Copy the lines below word for word, skipping any image.

========================================

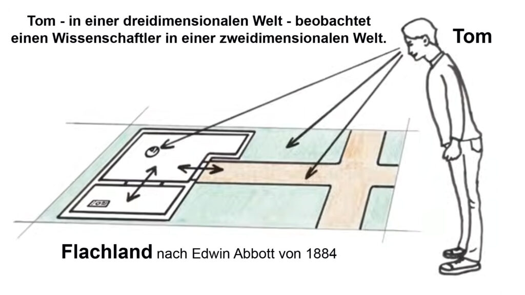 Tom – in einer zweidimensionalen Welt – beobachtet einen Wissenschaftler in einer zweidimensionalen Welt. Flachland nach Edwin Abbott von 1884
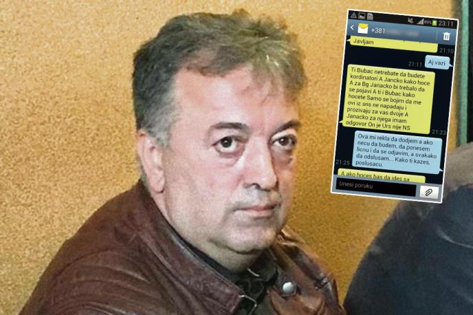 - Ti (i) Bubac (Dragoljub Marković, predsednik TO Brus) ne treba da budete koordinatori a Janačko (Aranđel Stojković, tada Jeličićev zamenik u Opštini) kako hoće. A za BG Janačko bi trebalo da se pojavi, a ti i Bubac kako hoćete. Samo se bojim da me ovi iz SNS ne napadaju i prozivaju za vas dvoje. A Janačko za njega imam odgovor - on je URS, nije NS - napisao je Jeličić svom saradniku u SMS poruci, kao i:
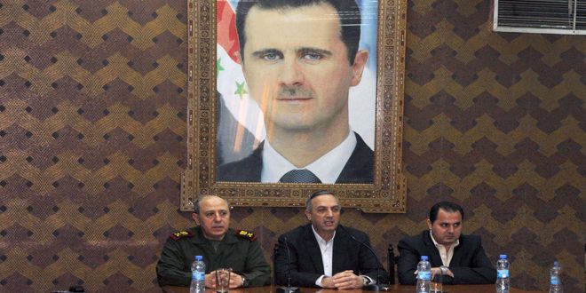 ركز الاجتماع الذي عقده محافظ ريف دمشق المهندس علاء منير ابراهيم وأمين فرع ريف دمشق لحزب البعث العربي الاشتراكي الدكتور همام حيدر مع أهالي منطقتي وادي بردى والمعضمية اليوم على وضع الخدمات والبنى التحتية.
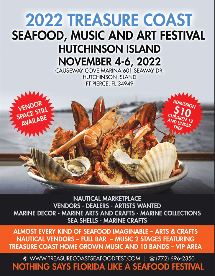 Visit the 2022 Treasure Coast Seafood Music and Art Festival Hutchinson Island Nov 4-6, 2022 Ft Pierce website for more information, vendor information, special hotel rates and specific driving directions. https://treasurecoastseafoodfest.com.
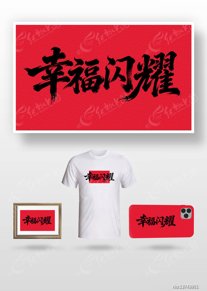 幸福闪耀毛笔字
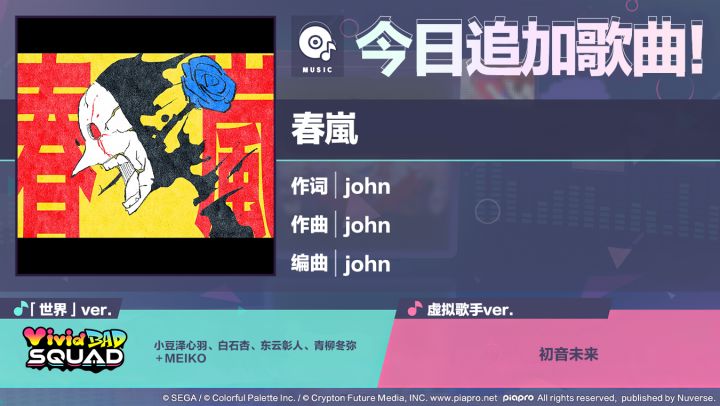 尊敬的各位「世界」居民:感谢各位居民对《初音未来:缤纷舞台》的支持。 5/16 15:00起,将追加歌曲《春嵐(春岚)》!可以在现实世界的「音乐商店」兑换追加的歌曲。■歌曲介绍《春嵐(春岚)》作词:john作曲:john编曲:john歌手虚拟歌手ver.:初音未来(Original CV by 藤田咲)「世界」ver.:MEIKO(Original CV by 拜乡芽衣子)
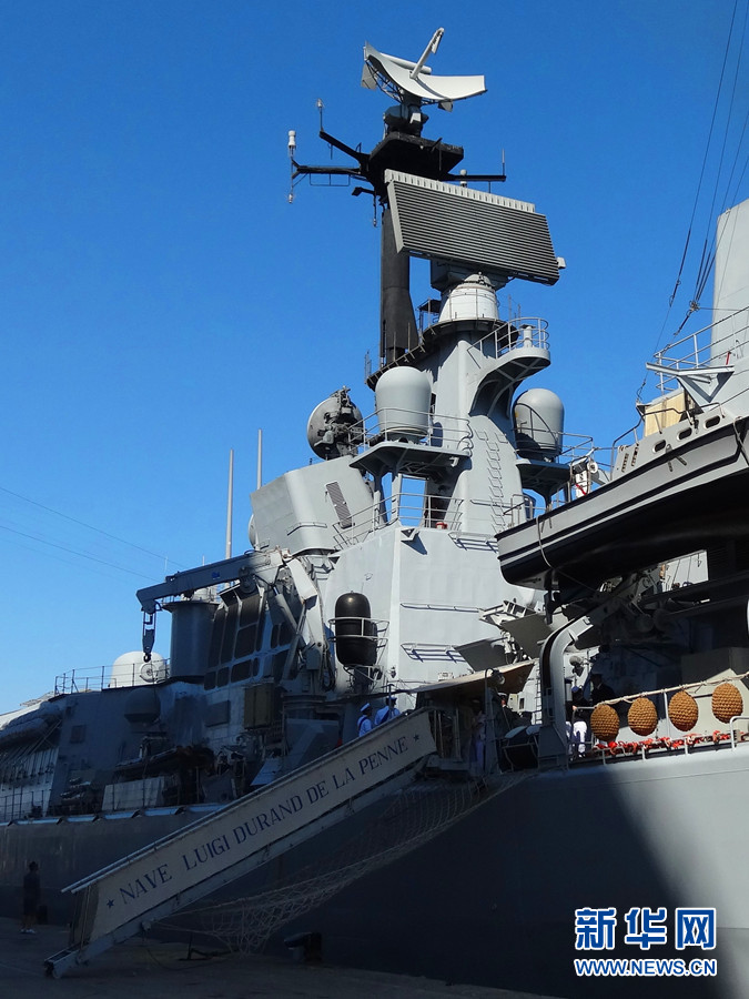 ????“路易吉·杜蘭德·德拉佩訥號”驅(qū)逐艦艦上設(shè)施。新華網(wǎng)記者 周喆 攝

========================================

Task result:
 Tom – in einer zweidimensionalen Welt – beobachtet einen Wissenschaftler in einer zweidimensionalen Welt. Flachland nach Edwin Abbott von 1884
 - Ti (i) Bubac (Dragoljub Marković, predsednik TO Brus) ne treba da budete koordinatori a Janačko (Aranđel Stojković, tada Jeličićev zamenik u Opštini) kako hoće. A za BG Janačko bi trebalo da se pojavi, a ti i Bubac kako hoćete. Samo se bojim da me ovi iz SNS ne napadaju i prozivaju za vas dvoje. A Janačko za njega imam odgovor - on je URS, nije NS - napisao je Jeličić svom saradniku u SMS poruci, kao i:
 ركز الاجتماع الذي عقده محافظ ريف دمشق المهندس علاء منير ابراهيم وأمين فرع ريف دمشق لحزب البعث العربي الاشتراكي الدكتور همام حيدر مع أهالي منطقتي وادي بردى والمعضمية اليوم على وضع الخدمات والبنى التحتية.
 Visit the 2022 Treasure Coast Seafood Music and Art Festival Hutchinson Island Nov 4-6, 2022 Ft Pierce website for more information, vendor information, special hotel rates and specific driving directions. https://treasurecoastseafoodfest.com.
 幸福闪耀毛笔字
 尊敬的各位「世界」居民:感谢各位居民对《初音未来:缤纷舞台》的支持。 5/16 15:00起,将追加歌曲《春嵐(春岚)》!可以在现实世界的「音乐商店」兑换追加的歌曲。■歌曲介绍《春嵐(春岚)》作词:john作曲:john编曲:john歌手虚拟歌手ver.:初音未来(Original CV by 藤田咲)「世界」ver.:MEIKO(Original CV by 拜乡芽衣子)
 ????“路易吉·杜蘭德·德拉佩訥號”驅(qū)逐艦艦上設(shè)施。新華網(wǎng)記者 周喆 攝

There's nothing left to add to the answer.